Your goal: Of all the lines in the entries below, give again exactly those starting at the line containing "The pattern is" and ending at the line containing "929회 로또 1등 '7, 9, 12, 15, 19, 23'…보너스 '4'", both ends included, and no others.
Task data: Begin
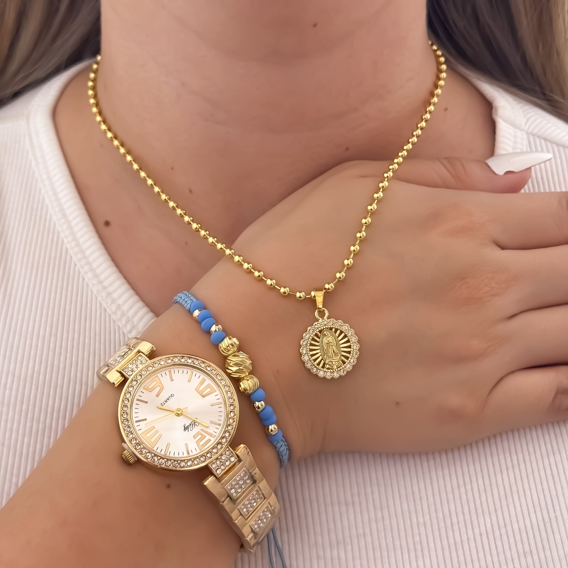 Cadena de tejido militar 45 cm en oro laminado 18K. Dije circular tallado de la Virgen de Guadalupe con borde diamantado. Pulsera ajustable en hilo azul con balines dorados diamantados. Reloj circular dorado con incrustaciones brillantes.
Task data: End
Task data: Begin
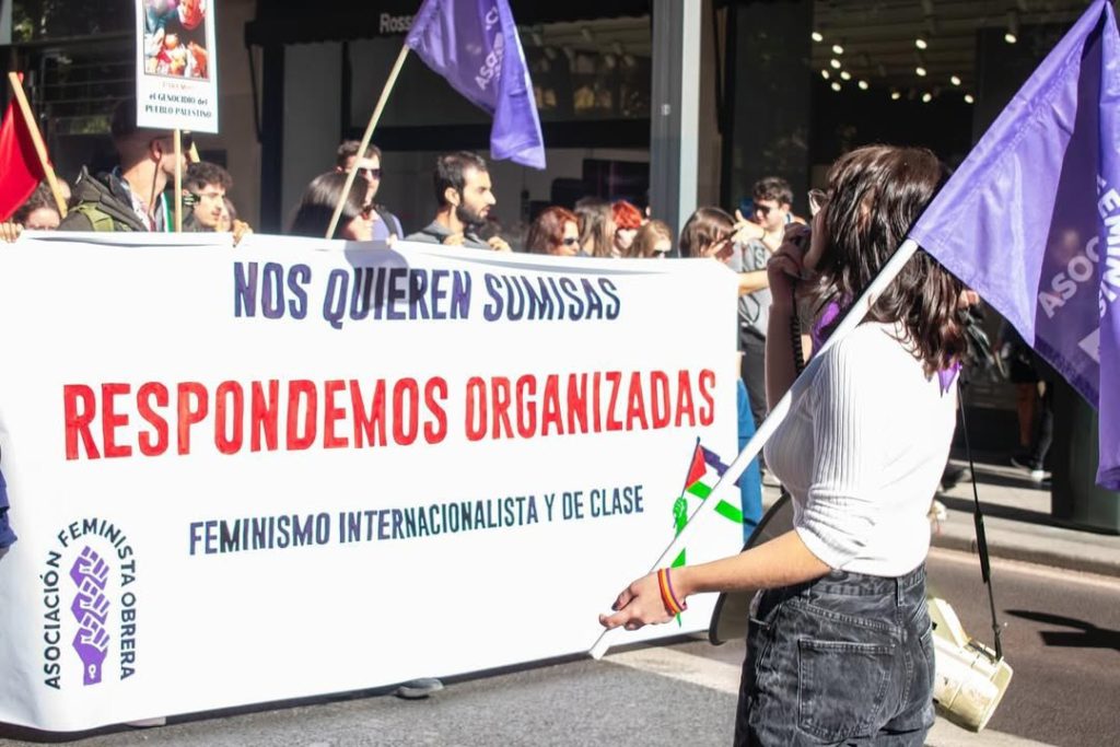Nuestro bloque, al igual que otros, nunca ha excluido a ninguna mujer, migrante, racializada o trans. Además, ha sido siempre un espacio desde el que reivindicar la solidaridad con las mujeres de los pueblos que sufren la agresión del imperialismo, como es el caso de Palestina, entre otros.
Task data: End
Task data: Begin
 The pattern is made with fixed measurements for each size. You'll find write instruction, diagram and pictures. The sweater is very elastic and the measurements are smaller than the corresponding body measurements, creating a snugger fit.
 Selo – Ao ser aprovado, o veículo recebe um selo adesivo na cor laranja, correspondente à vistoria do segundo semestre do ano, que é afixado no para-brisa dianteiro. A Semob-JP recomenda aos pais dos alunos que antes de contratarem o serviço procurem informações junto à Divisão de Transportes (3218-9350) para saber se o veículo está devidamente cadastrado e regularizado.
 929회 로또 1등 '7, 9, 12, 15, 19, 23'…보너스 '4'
Task data: End
Task answer:
 The pattern is made with fixed measurements for each size. You'll find write instruction, diagram and pictures. The sweater is very elastic and the measurements are smaller than the corresponding body measurements, creating a snugger fit.
 Selo – Ao ser aprovado, o veículo recebe um selo adesivo na cor laranja, correspondente à vistoria do segundo semestre do ano, que é afixado no para-brisa dianteiro. A Semob-JP recomenda aos pais dos alunos que antes de contratarem o serviço procurem informações junto à Divisão de Transportes (3218-9350) para saber se o veículo está devidamente cadastrado e regularizado.
 929회 로또 1등 '7, 9, 12, 15, 19, 23'…보너스 '4'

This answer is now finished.